(TO DO):
Locate, in the data below, the line that contains "Keywords: setof, sports: olympics, izzy" and the line that contains "大売出しは年末と創業記念日の"; reproduce exactly those two lines and every line between them, nothing more.

─── MATERIAL PROVIDED ───

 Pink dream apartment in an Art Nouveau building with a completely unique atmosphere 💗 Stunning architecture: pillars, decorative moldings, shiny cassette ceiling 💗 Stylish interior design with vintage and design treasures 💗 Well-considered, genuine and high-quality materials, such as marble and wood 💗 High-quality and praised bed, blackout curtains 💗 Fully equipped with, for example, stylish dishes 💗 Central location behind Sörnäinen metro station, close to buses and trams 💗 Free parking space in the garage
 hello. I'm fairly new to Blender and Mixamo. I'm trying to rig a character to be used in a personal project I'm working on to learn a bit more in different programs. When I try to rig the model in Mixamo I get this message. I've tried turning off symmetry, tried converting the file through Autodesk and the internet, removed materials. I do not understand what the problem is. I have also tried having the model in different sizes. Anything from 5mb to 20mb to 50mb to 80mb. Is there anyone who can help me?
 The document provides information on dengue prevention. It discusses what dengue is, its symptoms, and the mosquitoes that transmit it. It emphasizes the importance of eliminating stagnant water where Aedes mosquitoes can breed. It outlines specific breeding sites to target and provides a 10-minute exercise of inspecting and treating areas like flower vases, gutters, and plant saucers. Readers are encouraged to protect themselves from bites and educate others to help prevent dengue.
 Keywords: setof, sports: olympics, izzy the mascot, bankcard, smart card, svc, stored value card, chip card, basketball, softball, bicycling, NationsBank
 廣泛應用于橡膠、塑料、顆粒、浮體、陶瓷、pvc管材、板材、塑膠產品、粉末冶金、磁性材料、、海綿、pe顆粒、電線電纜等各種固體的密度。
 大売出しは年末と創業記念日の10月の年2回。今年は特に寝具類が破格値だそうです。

───
─── MATERIAL PROVIDED ───

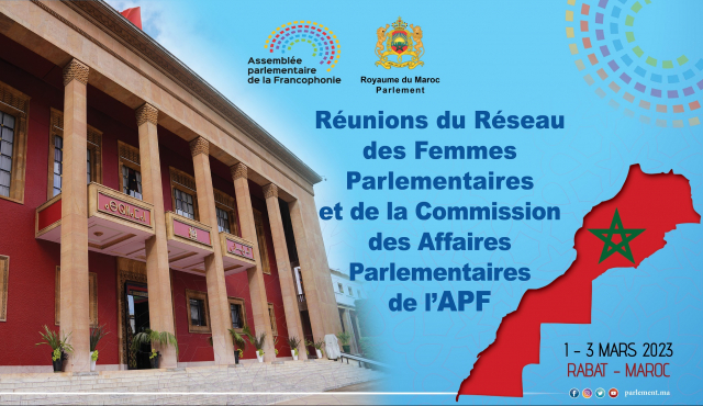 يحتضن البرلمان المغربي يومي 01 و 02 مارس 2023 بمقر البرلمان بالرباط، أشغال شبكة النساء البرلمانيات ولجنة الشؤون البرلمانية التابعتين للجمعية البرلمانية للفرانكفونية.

───
─── MATERIAL PROVIDED ───

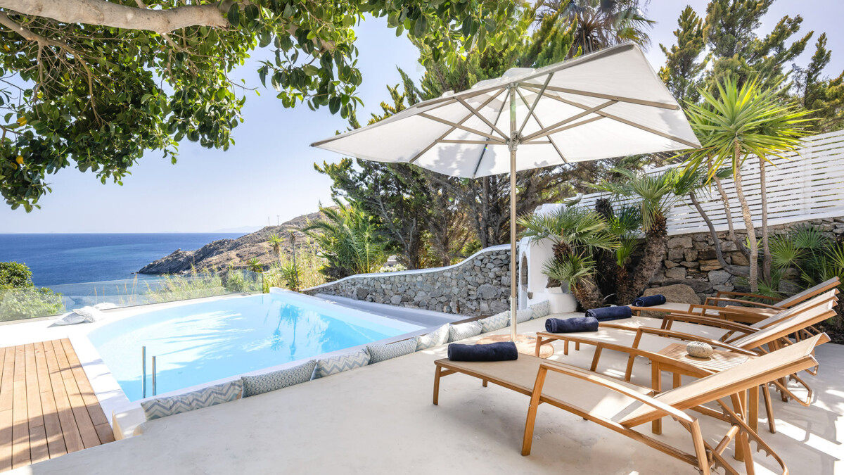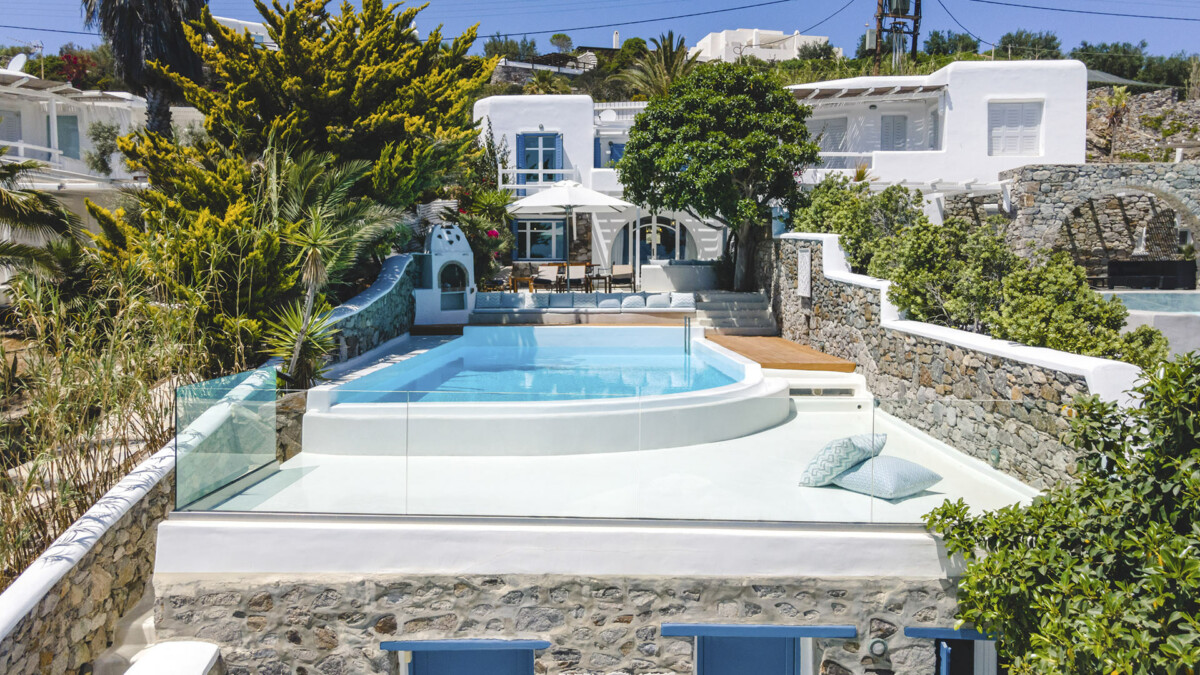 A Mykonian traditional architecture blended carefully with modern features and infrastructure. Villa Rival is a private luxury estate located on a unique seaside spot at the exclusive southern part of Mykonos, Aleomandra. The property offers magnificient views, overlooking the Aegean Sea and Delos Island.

───

(EXERCISE SOLUTION):
 Keywords: setof, sports: olympics, izzy the mascot, bankcard, smart card, svc, stored value card, chip card, basketball, softball, bicycling, NationsBank
 廣泛應用于橡膠、塑料、顆粒、浮體、陶瓷、pvc管材、板材、塑膠產品、粉末冶金、磁性材料、、海綿、pe顆粒、電線電纜等各種固體的密度。
 大売出しは年末と創業記念日の10月の年2回。今年は特に寝具類が破格値だそうです。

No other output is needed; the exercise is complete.